The practical corollary is that AI utility is approximately as much a knowledge management question as a tool question. When a client asks which AI to procure, the more useful first conversation is about the state of the context they would be pointing it at.

That conversation tends to surface the usual uncomfortable truths: content scattered across systems, outdated versions, tacit knowledge never written down, human formatting that obstructs AI consumption (see Structure documents for AI consumption, not just human reading). The sequencing argument in Start with knowledge management, not tools follows from this heuristic: if the ceiling is set by context, invest in the context before investing in the tool that will hit the ceiling.

Context at user scope

The same heuristic applies at the level of a single user’s interaction with the AI, not only at the level of the corpus. Two distinct categories of context shape what the AI can usefully do for a given staff member: firm-wide context — the rules, templates, regulatory or sectoral standards, internal vocabulary, and communication style that apply to everyone in the organisation — and personal context — the user’s role, function, day-to-day work, and stable preferences.

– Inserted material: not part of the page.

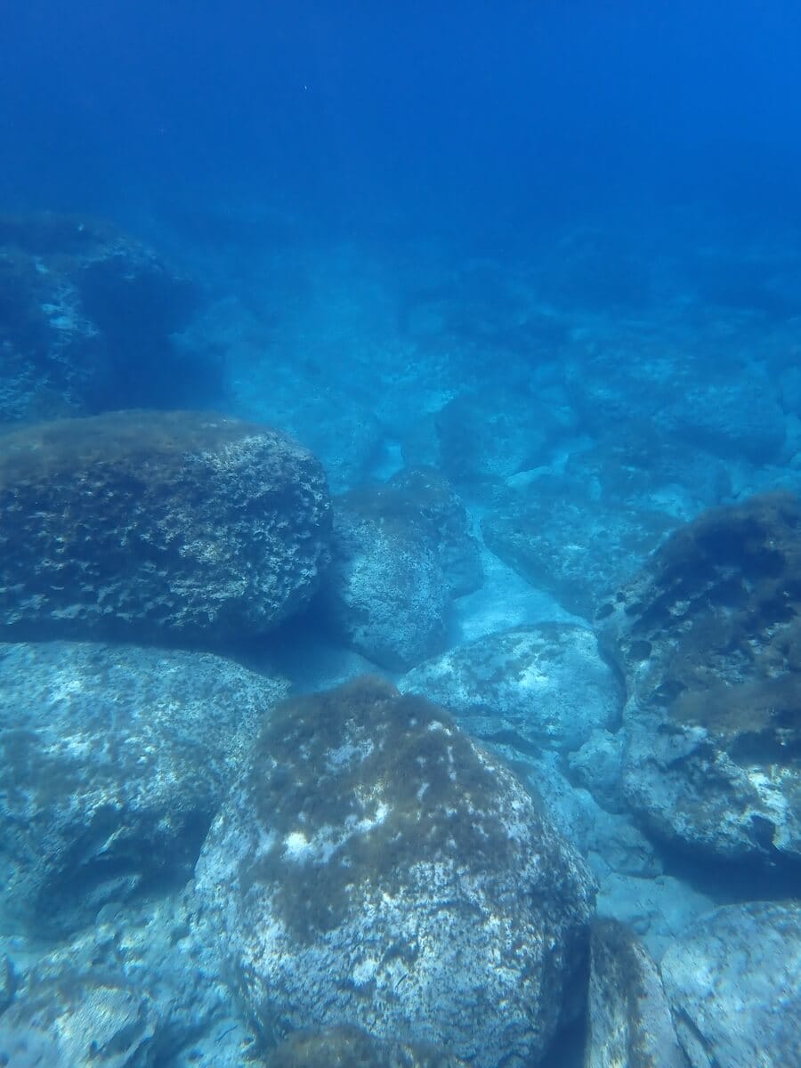 As soon as you enter the water, you’ll find yourself relatively deep areas (↕6-18 feet/2-6 meters), with rugged rocky reliefs. Huge blocks, plateaus and scree form varied underwater landscapes, before giving way to sandy bottoms (↕12-24 feet/4-8 meters).

Both are load-bearing. Firm-wide context without personal context produces output that is on-brand but not calibrated to the work the user actually does; personal context without firm-wide context produces output that is calibrated but disregards the organisation’s standards. Loading both into the AI’s persistent context at the cheapest available moment — typically a structured onboarding encounter — is what AI onboarding teaches both the person and the AI addresses.

Context as a discipline

The practice of getting the context right — identifying authoritative sources, pruning what should not be there, structuring the rest for AI consumption, maintaining quality over time — is starting to be named as its own discipline. “Context engineering” is the industry’s working term, and major AI frameworks are positioning it as foundational. The label is useful because it distinguishes the activity from document management on one side and from prompt engineering on the other: it is neither storage nor instruction, but the deliberate curation of what a model gets to see. The related time-dependent degradation mechanism is set out in Context rot.